- _Exercise goal_:
Nothing but the lines below from the one with "Crafted in India" through the one with "Chủ tịch nước" should be output, each exactly as given, and no pictures.

- _Material for this exercise_:
**********

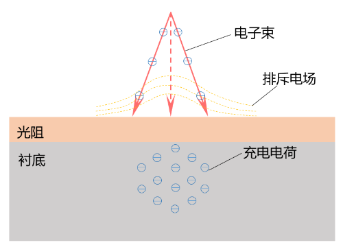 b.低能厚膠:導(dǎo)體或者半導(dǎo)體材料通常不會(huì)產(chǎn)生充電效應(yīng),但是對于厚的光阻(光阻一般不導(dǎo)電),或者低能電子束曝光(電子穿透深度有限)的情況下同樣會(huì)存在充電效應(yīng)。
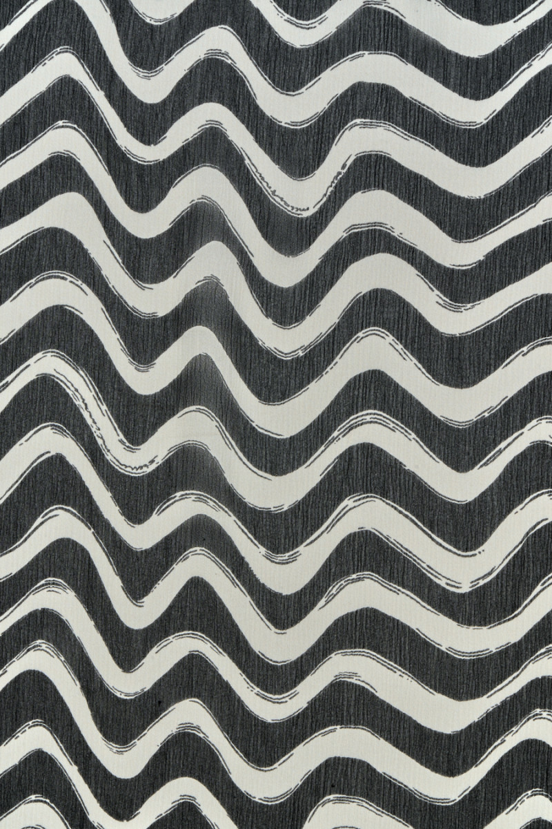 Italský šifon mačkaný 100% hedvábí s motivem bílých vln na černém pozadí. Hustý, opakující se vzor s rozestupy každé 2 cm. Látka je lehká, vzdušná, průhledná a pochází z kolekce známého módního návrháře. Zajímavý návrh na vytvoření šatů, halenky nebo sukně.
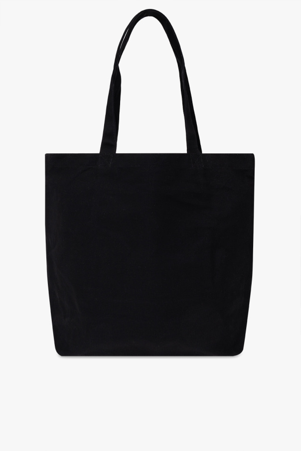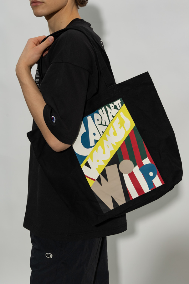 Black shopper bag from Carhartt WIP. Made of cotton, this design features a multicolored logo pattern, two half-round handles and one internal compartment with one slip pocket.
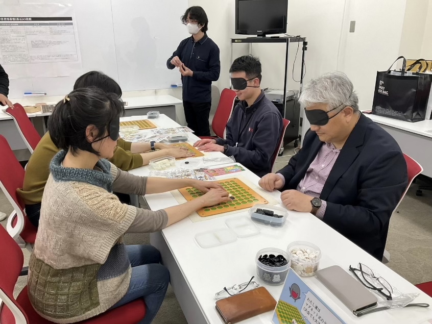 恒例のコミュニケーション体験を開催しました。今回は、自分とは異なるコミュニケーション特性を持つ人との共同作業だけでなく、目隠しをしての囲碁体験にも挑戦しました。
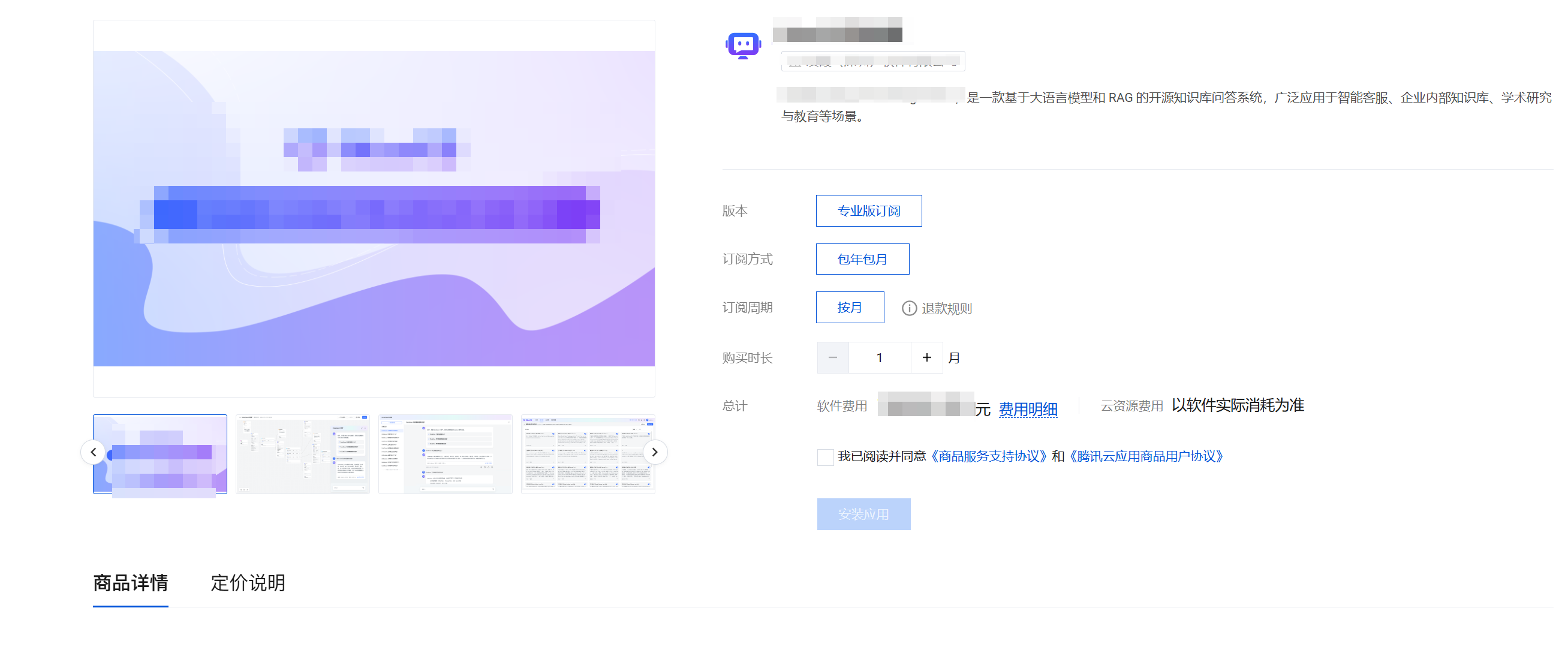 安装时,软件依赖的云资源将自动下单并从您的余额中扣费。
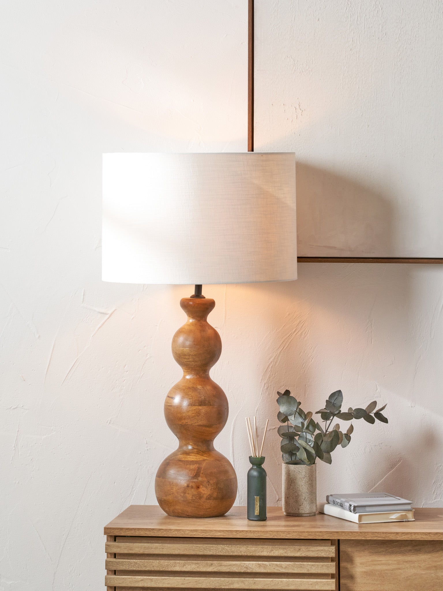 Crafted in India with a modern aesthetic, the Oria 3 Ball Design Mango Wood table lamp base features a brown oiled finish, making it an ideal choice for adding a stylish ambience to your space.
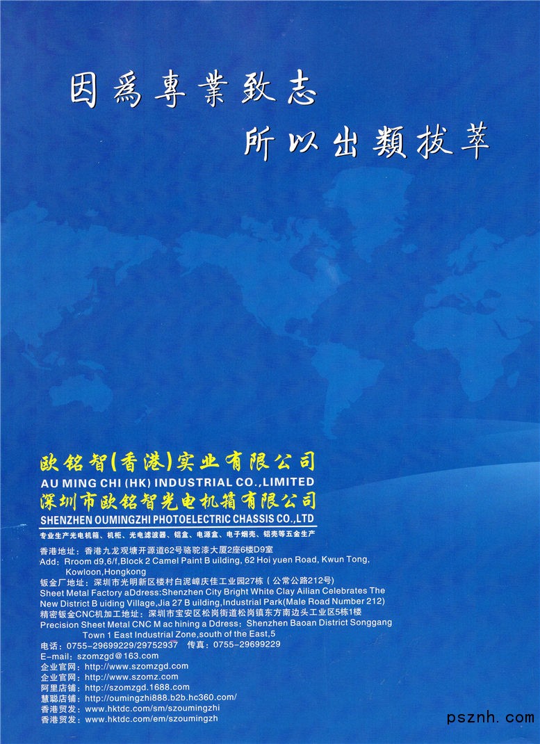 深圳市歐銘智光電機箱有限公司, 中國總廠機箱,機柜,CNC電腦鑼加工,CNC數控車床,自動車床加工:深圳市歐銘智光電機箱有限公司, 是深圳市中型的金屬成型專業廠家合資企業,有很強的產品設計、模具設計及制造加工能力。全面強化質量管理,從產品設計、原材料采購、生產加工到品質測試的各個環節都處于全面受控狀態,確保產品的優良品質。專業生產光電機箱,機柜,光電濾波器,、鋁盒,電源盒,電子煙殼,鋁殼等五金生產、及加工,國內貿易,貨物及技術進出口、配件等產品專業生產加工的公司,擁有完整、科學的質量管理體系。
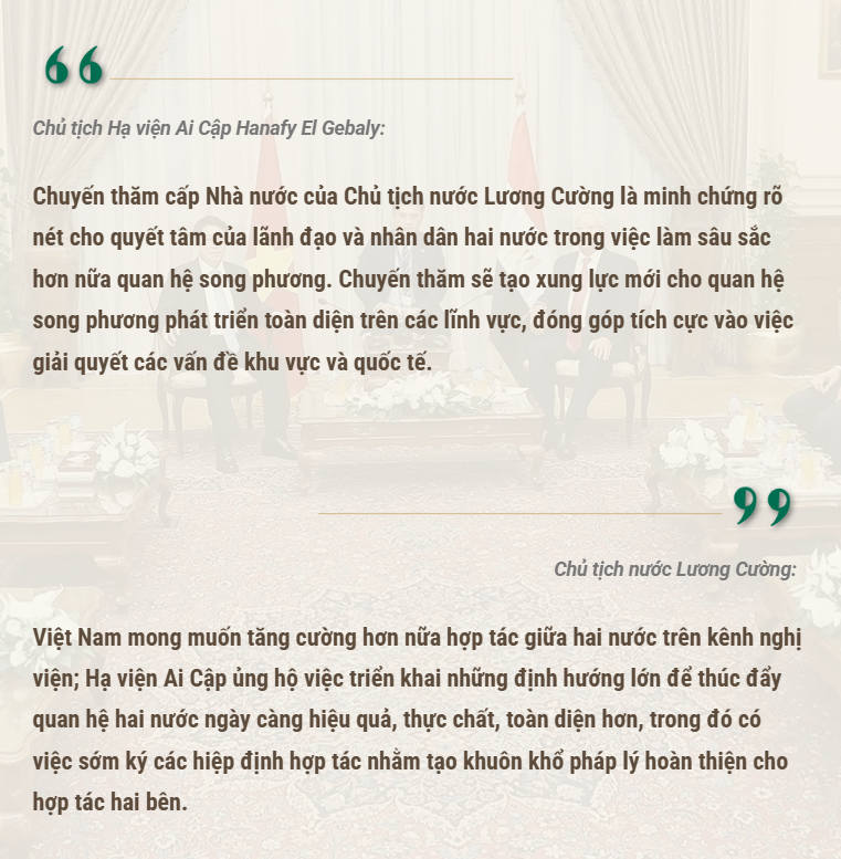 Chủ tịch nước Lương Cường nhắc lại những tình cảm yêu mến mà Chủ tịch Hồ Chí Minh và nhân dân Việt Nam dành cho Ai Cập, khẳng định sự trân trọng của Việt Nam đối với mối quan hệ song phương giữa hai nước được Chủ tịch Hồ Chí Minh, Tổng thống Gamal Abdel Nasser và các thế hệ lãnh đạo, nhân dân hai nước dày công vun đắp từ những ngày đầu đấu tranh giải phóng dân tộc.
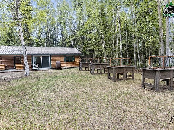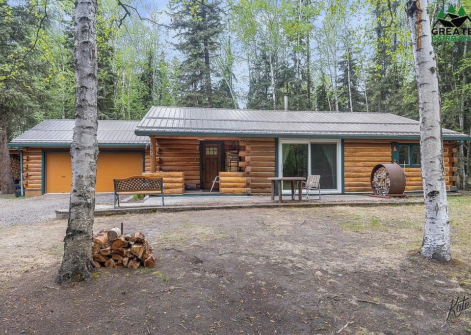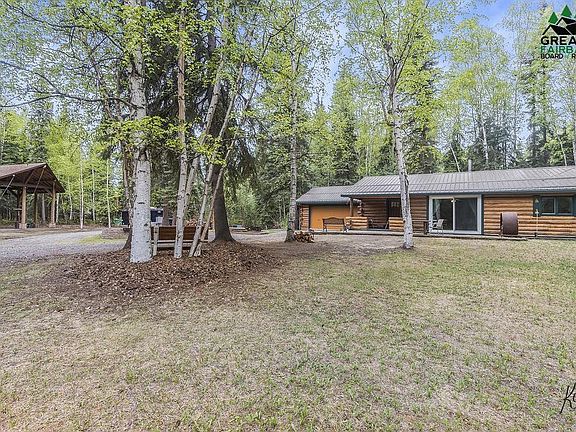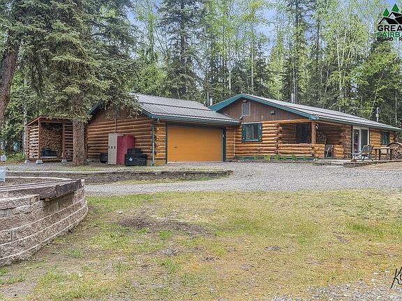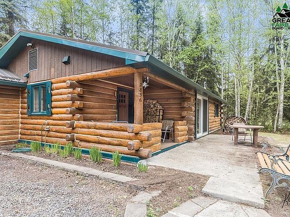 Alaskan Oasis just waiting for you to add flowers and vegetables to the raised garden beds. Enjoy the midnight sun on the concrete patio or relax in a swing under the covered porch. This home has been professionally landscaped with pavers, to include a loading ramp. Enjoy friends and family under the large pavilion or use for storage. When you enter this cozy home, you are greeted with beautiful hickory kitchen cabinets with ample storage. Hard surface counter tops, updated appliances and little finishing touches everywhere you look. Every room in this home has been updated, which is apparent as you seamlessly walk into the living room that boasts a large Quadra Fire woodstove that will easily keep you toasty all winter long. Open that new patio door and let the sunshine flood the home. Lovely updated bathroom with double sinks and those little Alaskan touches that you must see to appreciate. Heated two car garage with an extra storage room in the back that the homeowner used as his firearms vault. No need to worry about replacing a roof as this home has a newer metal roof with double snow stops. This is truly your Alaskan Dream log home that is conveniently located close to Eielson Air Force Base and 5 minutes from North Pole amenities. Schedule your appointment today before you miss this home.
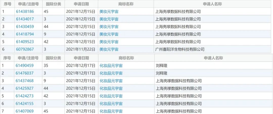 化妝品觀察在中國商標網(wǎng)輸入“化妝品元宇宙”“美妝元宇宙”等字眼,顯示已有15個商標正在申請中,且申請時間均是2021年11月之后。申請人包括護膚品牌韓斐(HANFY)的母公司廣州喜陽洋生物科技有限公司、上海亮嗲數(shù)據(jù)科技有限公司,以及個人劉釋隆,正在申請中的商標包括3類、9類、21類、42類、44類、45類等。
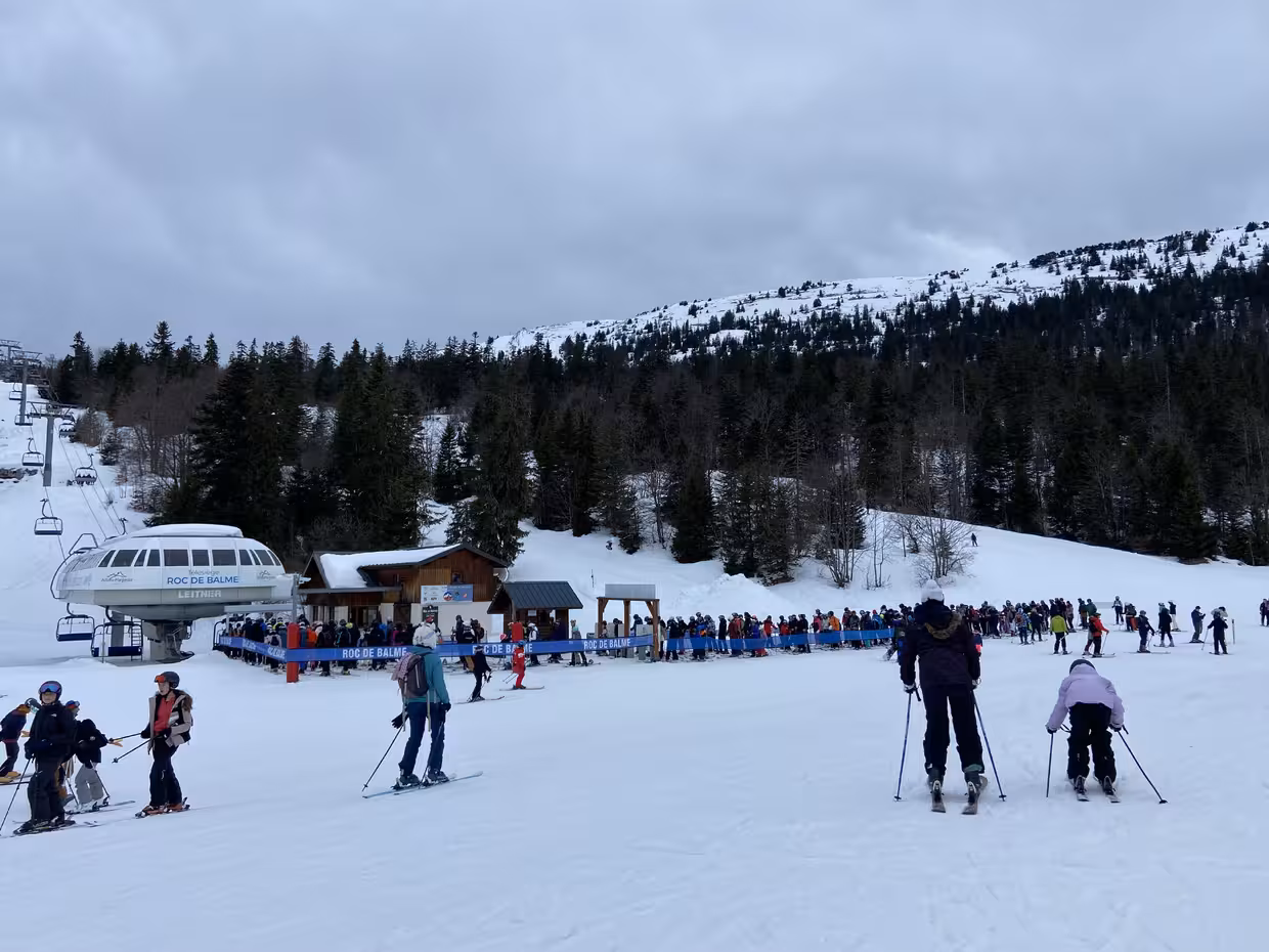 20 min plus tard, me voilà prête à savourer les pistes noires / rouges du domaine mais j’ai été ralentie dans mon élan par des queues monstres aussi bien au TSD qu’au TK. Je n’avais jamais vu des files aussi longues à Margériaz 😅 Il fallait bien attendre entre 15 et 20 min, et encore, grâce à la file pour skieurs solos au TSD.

**********

- _Finished task_:
 Crafted in India with a modern aesthetic, the Oria 3 Ball Design Mango Wood table lamp base features a brown oiled finish, making it an ideal choice for adding a stylish ambience to your space.
 深圳市歐銘智光電機箱有限公司, 中國總廠機箱,機柜,CNC電腦鑼加工,CNC數控車床,自動車床加工:深圳市歐銘智光電機箱有限公司, 是深圳市中型的金屬成型專業廠家合資企業,有很強的產品設計、模具設計及制造加工能力。全面強化質量管理,從產品設計、原材料采購、生產加工到品質測試的各個環節都處于全面受控狀態,確保產品的優良品質。專業生產光電機箱,機柜,光電濾波器,、鋁盒,電源盒,電子煙殼,鋁殼等五金生產、及加工,國內貿易,貨物及技術進出口、配件等產品專業生產加工的公司,擁有完整、科學的質量管理體系。
 Chủ tịch nước Lương Cường nhắc lại những tình cảm yêu mến mà Chủ tịch Hồ Chí Minh và nhân dân Việt Nam dành cho Ai Cập, khẳng định sự trân trọng của Việt Nam đối với mối quan hệ song phương giữa hai nước được Chủ tịch Hồ Chí Minh, Tổng thống Gamal Abdel Nasser và các thế hệ lãnh đạo, nhân dân hai nước dày công vun đắp từ những ngày đầu đấu tranh giải phóng dân tộc.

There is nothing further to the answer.